### PROBLEM DESCRIPTION
Output exactly the lines of the listing below that run from the line with "(一)参加现场观摩活动的代表" through the line with "- Aplique una". No pictures.

### DATA TO USE
━━━
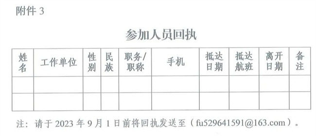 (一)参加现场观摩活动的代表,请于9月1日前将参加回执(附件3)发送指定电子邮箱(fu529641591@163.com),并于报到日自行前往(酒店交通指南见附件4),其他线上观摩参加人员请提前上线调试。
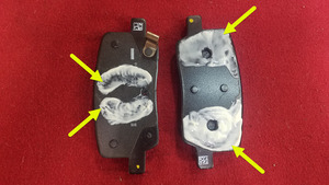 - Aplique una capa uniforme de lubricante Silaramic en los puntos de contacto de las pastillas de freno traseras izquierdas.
━━━
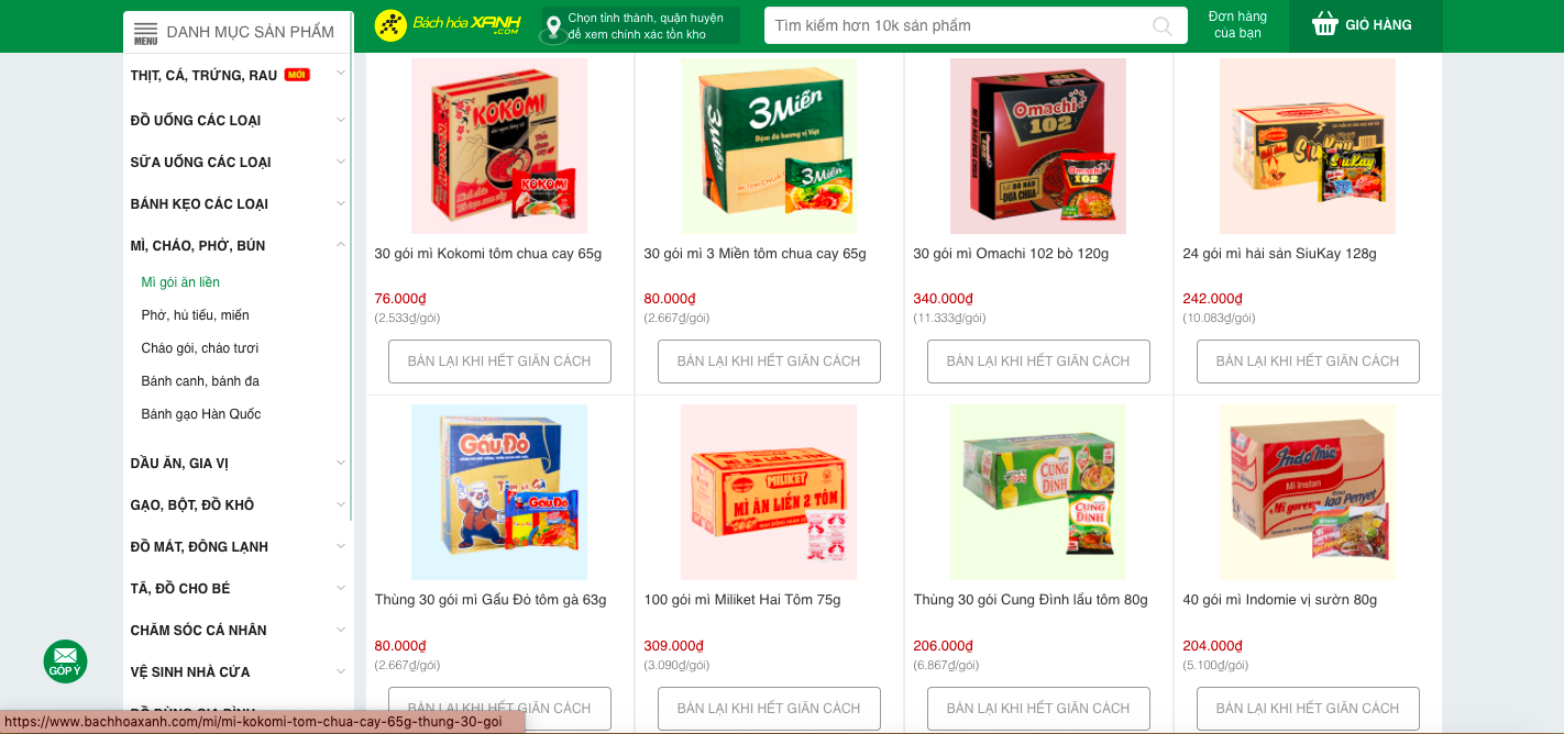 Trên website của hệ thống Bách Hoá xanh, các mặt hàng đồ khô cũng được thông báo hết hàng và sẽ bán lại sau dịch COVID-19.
━━━
### OUTPUT
 (一)参加现场观摩活动的代表,请于9月1日前将参加回执(附件3)发送指定电子邮箱(fu529641591@163.com),并于报到日自行前往(酒店交通指南见附件4),其他线上观摩参加人员请提前上线调试。
 - Aplique una capa uniforme de lubricante Silaramic en los puntos de contacto de las pastillas de freno traseras izquierdas.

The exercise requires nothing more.